Characters: Laufey, Loki, Odin, Farbauti (deceased), OCs

Summary: Laufey's life from a few months before Loki's birth to shortly after Thor's raid on Jotunheim.

Content Notes / Warnings: Alien Gender System (single-gender two-parent variant), Alien Religion, Infanticide, Child Loss, Spousal Loss, and is just in general a Tearjerker. Have tissues or a hanky handy.


Author Notes:

The word 'ekkill' means 'widower' in Icelandic. I had intended to use a reversal of Loki's patronymic for a title, but when I saw 'ekkill' on the vocabulary list I was referencing I changed my mind.

The 'Single Gender Jotun Theory' began as an explanation for why the Marvel universe gender-flips Laufey relative to Laufey's mythological role as Loki's mother. The use of masculine pronouns is intentional as the Jotun aren't actually androgynous and they are intentionally letting the other realms think they are one side of a binary gender system: they're men - men who birth babies, but definitely men.

The reasoning behind Jotun infant abandonment was heavily influenced by a fanfic where someone seriously considers arming and then murdering a suicidal character to ensure his entrance into Valhalla.

This is intended as a backstory fic for "A Different Way Forward", but I've written it so it will fit cleanly in with the movie's events.


Disclaimer: I own no part of the Marvel movie universe.


Farbauti was dead.

His broad shoulders would never work in defense of their people again. No more would his thick calves propel him along the roads and trails. His smile would never brighten the night as if his mouth was the ice-edged crags of the holy mountains.

He was gone, killed by injuries from an unpredicted rockfall.

Laufey sat by the grave, the last to leave.

That Farbauti had struggled to live to the last moment was the only thought that soothed. Those who died in struggle would make it to the greater feasthall of the gods.

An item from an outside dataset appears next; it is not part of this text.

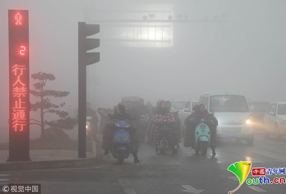 河南平頂山大霧彌漫 城區(qū)一片白茫茫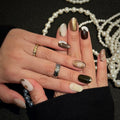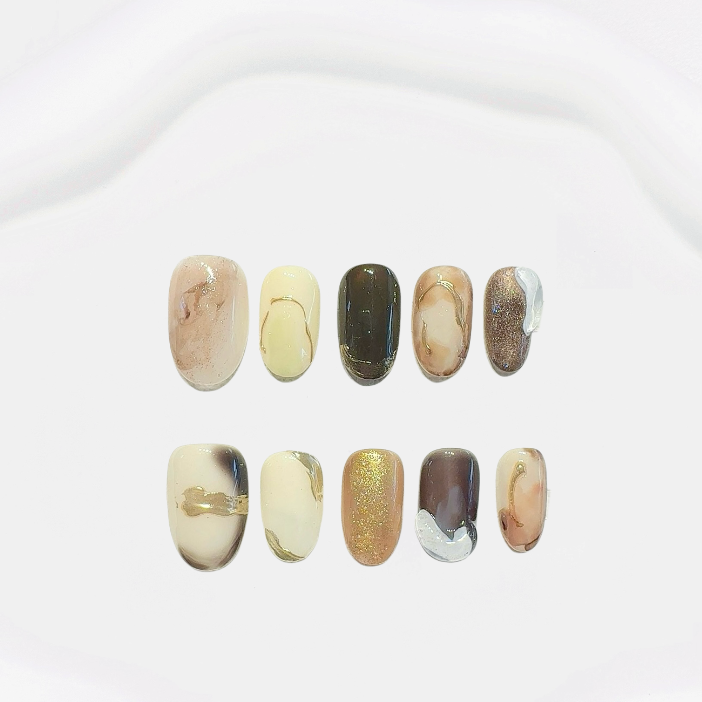 Inspired by natural marble textures, this press-on nail set features a harmonious blend of gold, brown, and creamy white tones. Each nail is designed with unique flowing patterns and subtle metallic sheen, creating a timeless and elegant look. Perfect for any occasion, these eco-friendly, reusable nails combine sophistication with sustainability.

Struggling to breathe through a half-crushed ribcage while the love of your life held your hand and urged you to keep trying, to give you just five more minutes together, can't you make it just five more minutes, please gods Farbauti don't leave me yet not now not alone please can't you manage one more breath Farbauti don't leave me!

That counted.

The stirring behind his navel was no comfort.

They had faced the choice, as all Jotun did, of who would carry the child. Some couples chose for their children to all have the same parent-of-the-body. Some switched.

Laufey was king. Laufey had wanted his heir to be of his body. And so that was what he and Farbauti had done. They had waited until a significant lull in inter-realm hostilities, a time when Laufey going into hiding - that the other races of the other realms need never find out there was only one gender among the Jotun - would not harm their people, and then they had set about having their first child.

Their only child, now that Farbauti was gone.

Only he already knew the child was doomed to die.

There had been detectable signs of pregnancy and then there had been a quickening, but his belly had never humped and there was no hint that there would ever be milk for the child.

Life in the ice was harsh, even for Jotun. Misborn children were not uncommon, even in the fattest times.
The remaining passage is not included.